An intercounty drain board, set up to manage the two-county petition, came up with a much more intensive plan, however. The board announced intentions to clear every bit of vegetation from 18 miles of the creek (far beyond the beaver dams), as well as to deepen, widen, and straighten the stream. Total cost to area landowners: $4 million.

Residents were horrified when they learned of the multi-million dollar cost and extensive stream alteration. The petition's boilerplate language included mention of widening, deepening, and straightening. But the average signer never expected that a simple cleanout could become such an expensive and destructive project. Many wrote letters requesting that the drain commissioners take their names off the petition.

"The reason I signed the petition was to remove debris," says Art Laupichler, a local farmer and real estate agent. "I wasn't interested in a full-scale dredging."

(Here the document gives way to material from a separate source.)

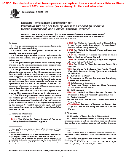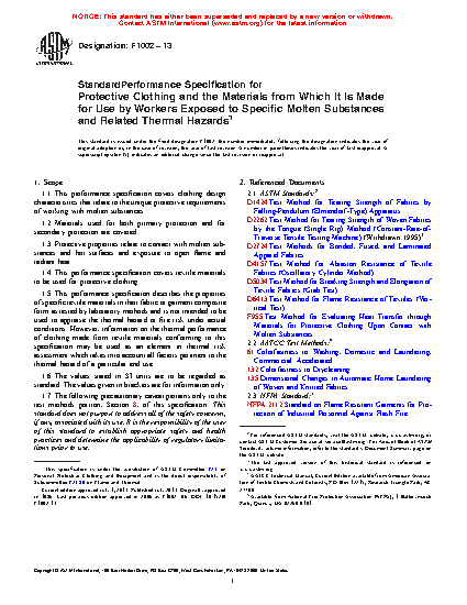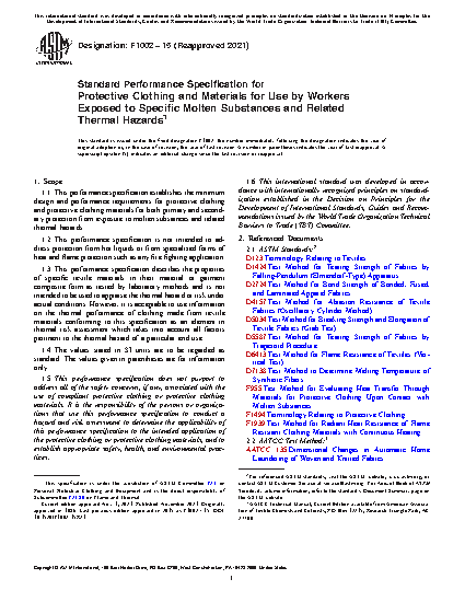 1.1 This performance specification establishes the minimum design and performance requirements for protective clothing and protective clothing materials for both primary and secondary protection from exposure to molten substances and related thermal hazards.

Neither was Karen Delia, a Lynn Township trustee, who also signed the petition but never expected it would threaten her township with bankruptcy.Lynn township alone was scheduled to pay $35,000 per year for 10 years for the multi-million dollar project, or 22 percent of the township's annual budget. "Putting ourselves in such financial stress would mean we would have no money to clean out any other ditches, no money to fix roads, no money for anything."

Damages No Deterrent
But that didn't stop the Intercounty Drain Board. Neither did the board's own engineering studies, which warned that the much larger Mill Creek drain would dump unprecedented floodwaters on the St. Clair County town of Yale. The town of 1,900 sits just past the point where the dredging would end, and where high water from heavy rains would spill over the drain's sides because the creek channel below is too small to carry torrential volumes.

Yale homes had always stayed high and dry even in those rare times when floodwaters covered the streets. But the engineering studies made it clear that people, such as Dick Henry, who live in a low-lying part of town, would face more flooding because of the drain "improvements" upstream.

Nevertheless, the Intercounty Drain Board decided that the landowners and local governments of St. Clair County where both elected officials and citizens were opposed to the costly and damaging project should pay two-thirds of the total cost.

Public Servants Fight the Public
Most people in Michigan give up their fights against the unfair taxation and environmental destructiveness of modern drain projects once they learn the Drain Code affords them no meaningful opportunity to influence or appeal drain decisions. But Mill Creek area residents didn't stop when their first lawsuit failed due to the fact that the Drain Code only allows residents to challenge the "necessity" of a drain, not its scope, route, or cost.

They organized a citizens coalition. They held countless bake sales. They even elected a new drain commissioner in St. Clair County to represent their concerns. But nothing they tried over nearly 10 years of struggle could change the fact that citizens have no power under the Drain Code to protect their communitys' finances and natural resources.

In the spring of 1999, the Intercounty Drain Board finally agreed to try the citizens' $150,000 alternative. Why? Because state law limits the amount of debt drain boards can go into for such efforts as fighting the public in court.

"It's taken this long, plus thousands of dollars in legal fees, just to get these guys to compromise," says farmer Art Laupichler. "It's a shame."